§ **Data shown**

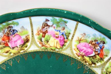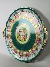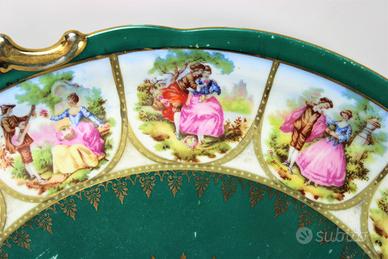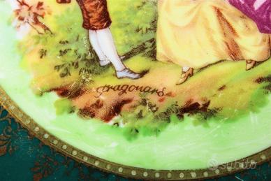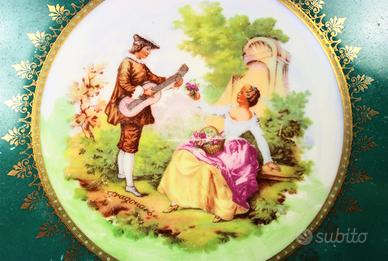 Bellissimo piatto in ceramica originale di inizio secolo '900 completamente decorato a mano, con figure in voga all'epoca, di scene galanti di corteggiamento tra dama e cavaliere.
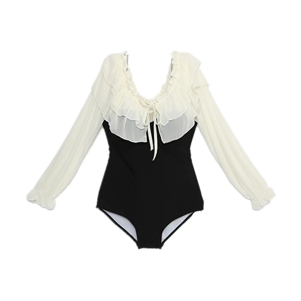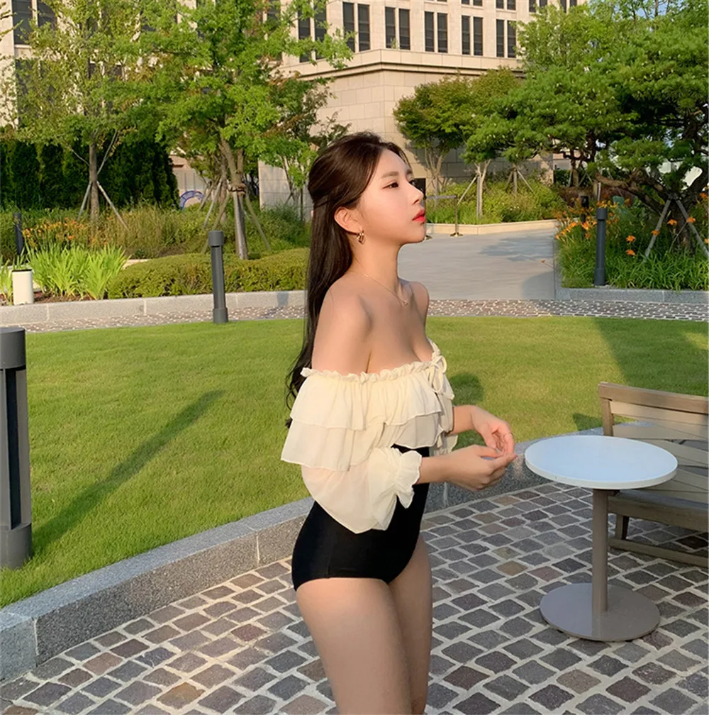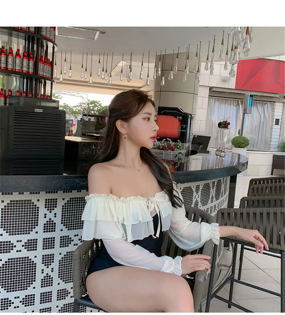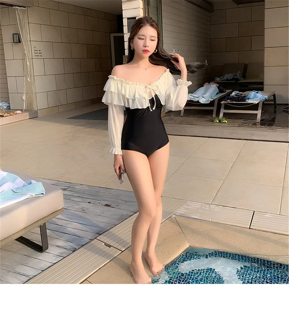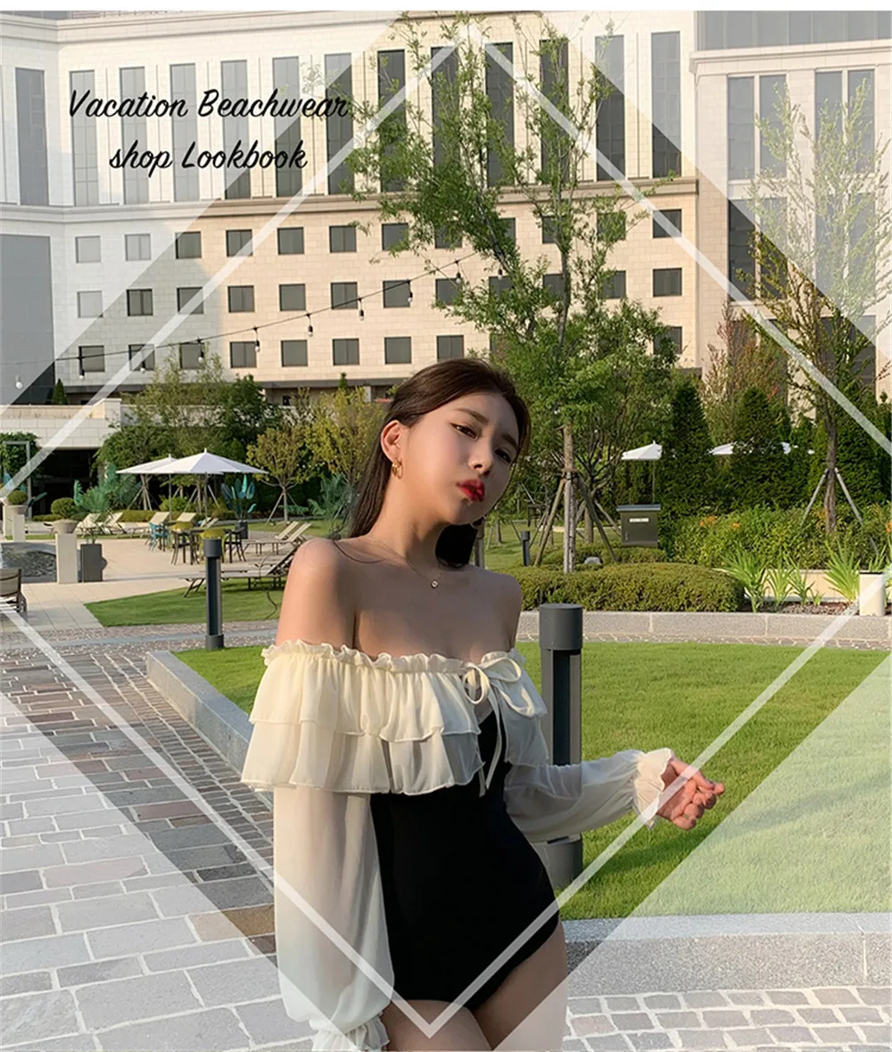 Женский слитный купальник с открытыми плечами, однотонный, с оборками, шифоновый, с длинным рукавом, с открытой спиной
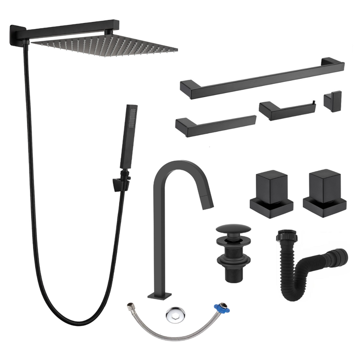 Kit Completo Banheiro Lavatório com Acessórios e Acabamentos para Registro Padrão Deca Preto Premium Preto Fosco

§ **What this task involves**
Exactly the lines from the line with "Женский слитный купальник" through the end of the data are to be reproduced, and no picture is to be included.

§ **Solution to the problem**
 Женский слитный купальник с открытыми плечами, однотонный, с оборками, шифоновый, с длинным рукавом, с открытой спиной
 Kit Completo Banheiro Lavatório com Acessórios e Acabamentos para Registro Padrão Deca Preto Premium Preto Fosco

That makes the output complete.